‘Self-driving’ cars linked to hundreds of crashes over past year

23 June 2022

by Christopher Carey

Cars with driver assistance systems and autonomous technologies have been involved in hundreds of crashes over the past year according to newly released data from the US ‘National Highway Traffic Safety Administration (NHTSA).

The agency found that vehicles equipped with Advanced Driver Assistance Systems (ADAS) were involved in 392 crashes between 1 July 2021 and 15 May 2022.

Six of those were fatal, five resulted in serious injuries, and a further 41 caused minor or moderate injuries.

Senator Richard Blumenthal, Chair, US Senate Commerce, Science, and Transportation Subcommittee on Consumer Protection and Product Safety, said the findings were “a cause for deep alarm”.

“[The] NHTSA has to be particularly aggressive here to say no more business as usual.

“Should NHTSA find any technology to be unsafe, it ought to act promptly to ensure that that technology is forbidden, not actively put in any vehicles.”

The findings are a response to a Standing General Order requiring that car manufacturers and operators report crashes to the NHTSA when Level 2 or higher autonomy is active at the time of the incident.

The order allows the agency to acquire “timely and transparent” notification of real-world crashes associated with advanced driver support and level 2 ADAS from manufacturers and operators to help it raise safety concerns about them through further investigation and enforcement.

Should it find a safety defect, the agency says it will take action to ensure unsafe vehicles are taken off public roads or remedied, as appropriate.

Data-driven approach

The NHTSA hopes the information will support a “more data-driven approach” to safely rolling out self-driving tech, including regulation and education.

Cathy Chase, President of Advocates for Highway and Auto Safety, said: “The public has a right to know how partially automated systems and autonomous vehicles (AVs) are performing on our roadways, especially considering currently there are no federal safety standards for these newer systems.
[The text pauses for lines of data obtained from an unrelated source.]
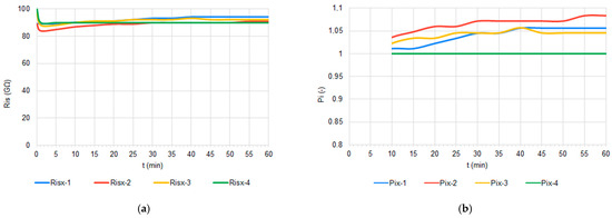 Medium-voltage distributor type D, after cleaning 1, Ut = 5 kV: (a) Ris; (b) Pi.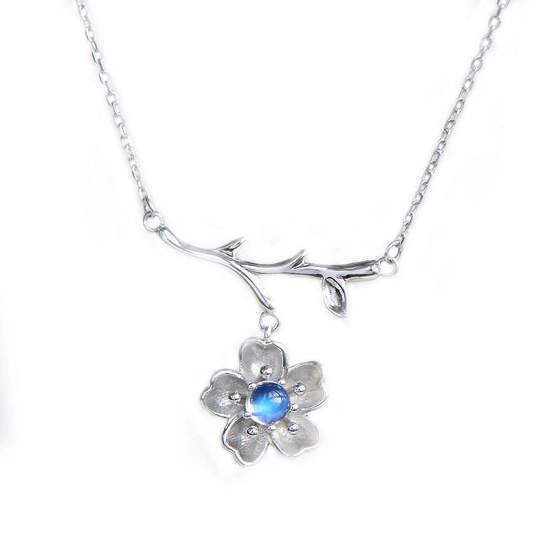 Подвеска из нефрита, цепочка до ключиц, лунный камень, серебро 925 пробы, японские и корейские, простой и элегантный дизайн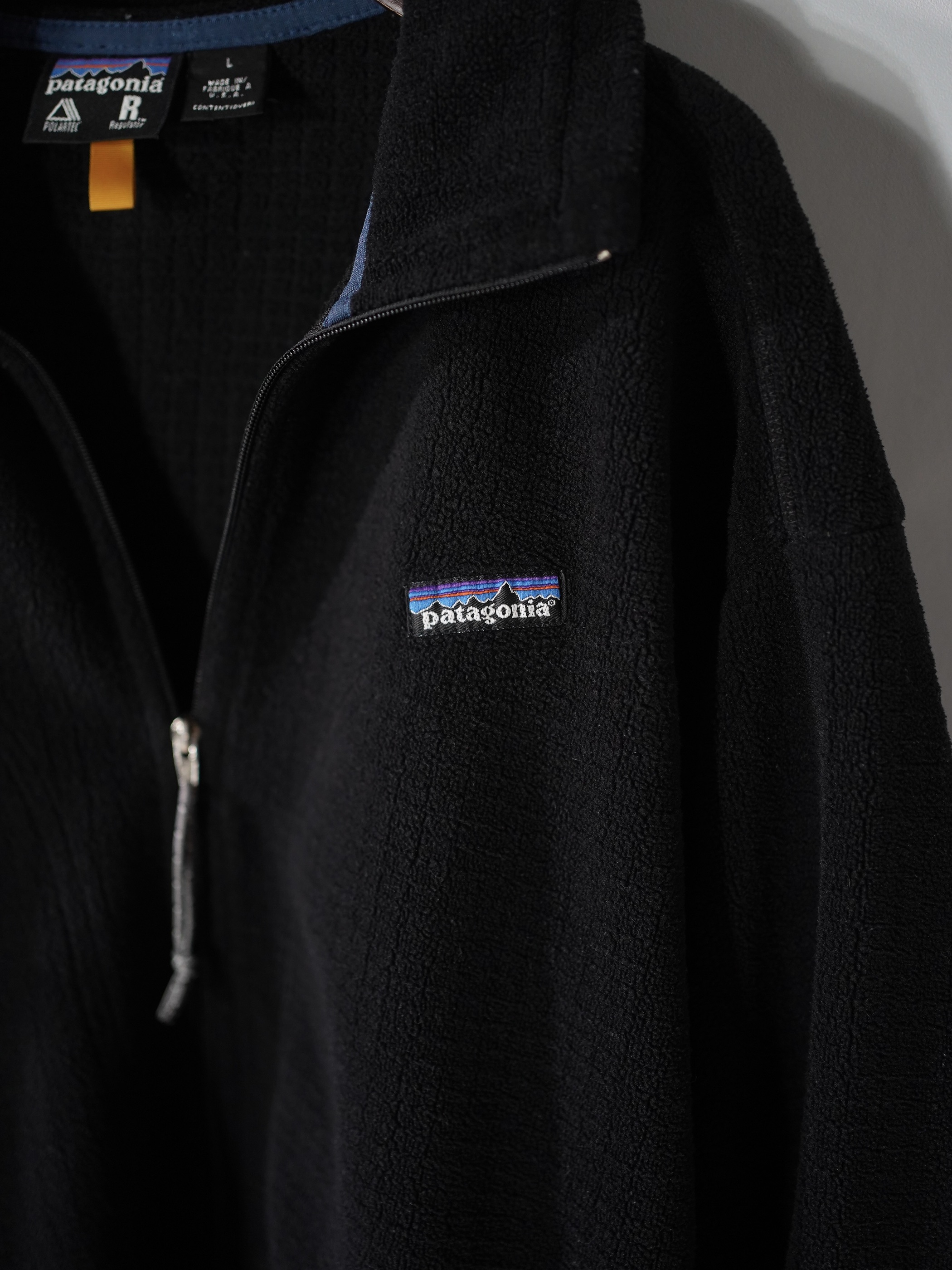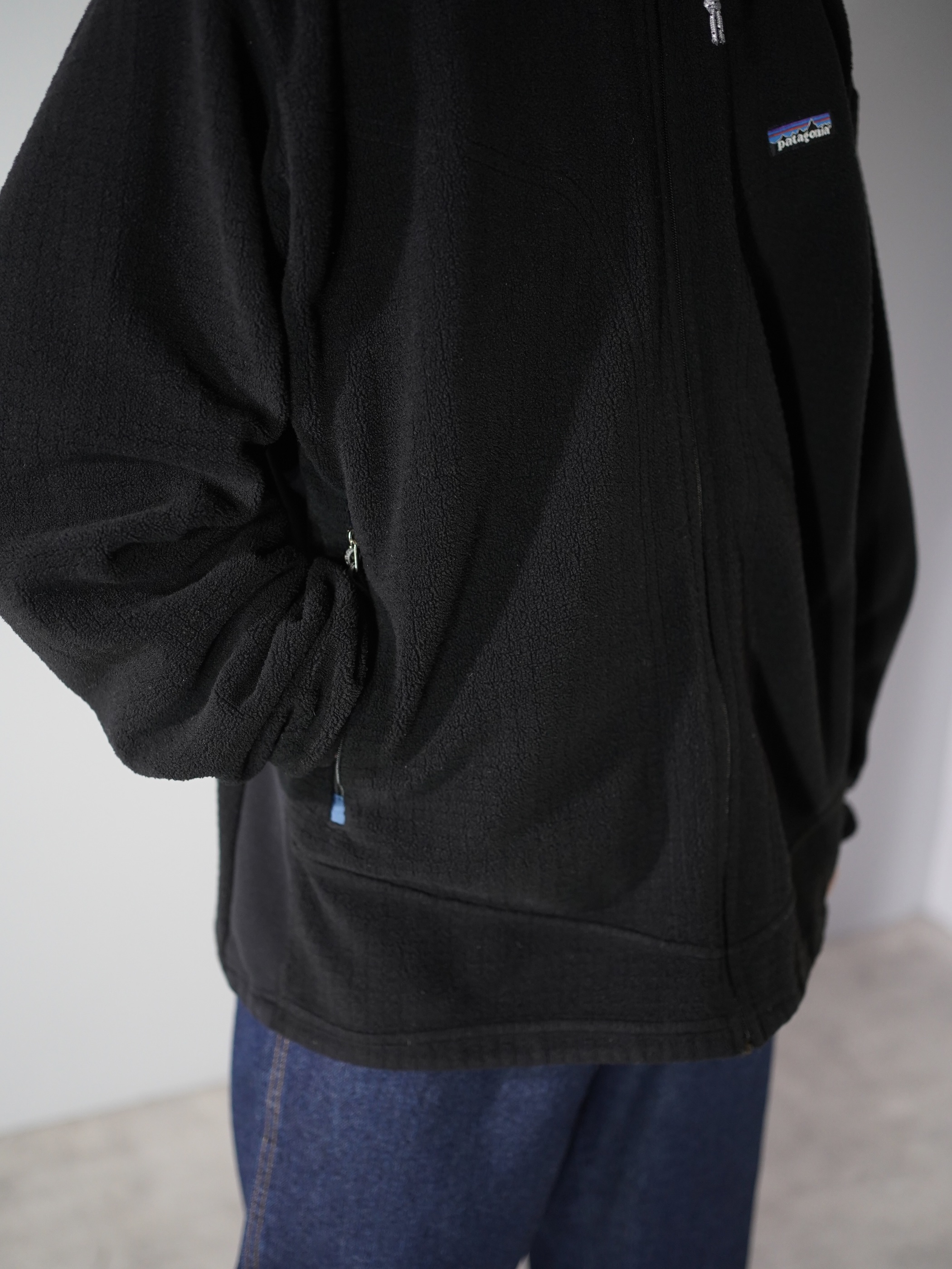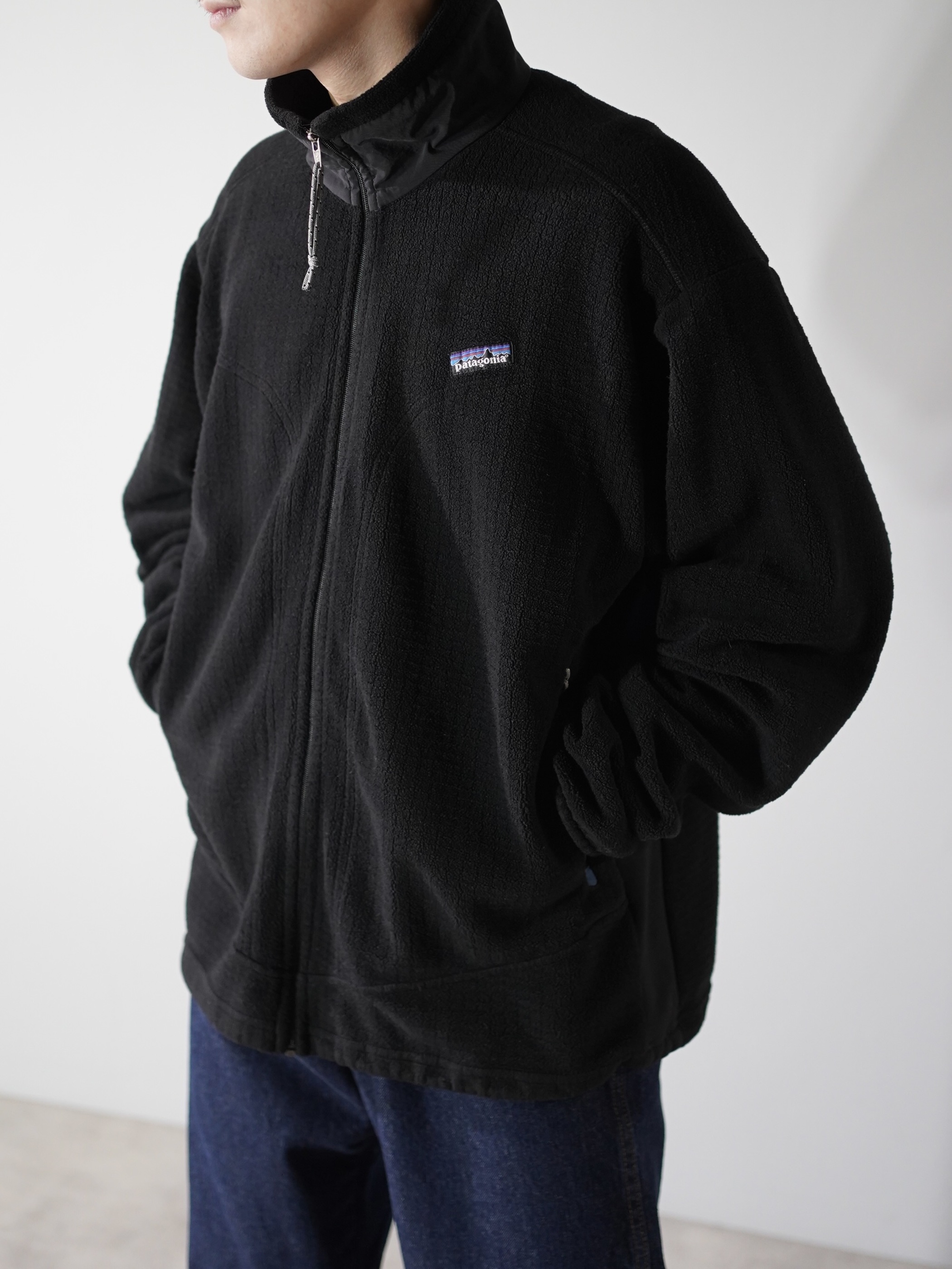 同色異素材切り替えの2001年製パタゴニア ポーラテックフリースジャケット。

“Features which fall under the overarching term of advanced driver assistance systems, or ADAS, like automatic emergency braking (AEB), lane departure warning (LDW) and blind spot detection (BSD) have been shown to be effective at preventing or mitigating crashes.

“However, their full potential to save lives will not be realized until the DOT issues minimum performance standards.

“While more time is needed to analyze the data released this morning, it is clear that US road users are unwitting participants in the beta testing of automated driving technology.”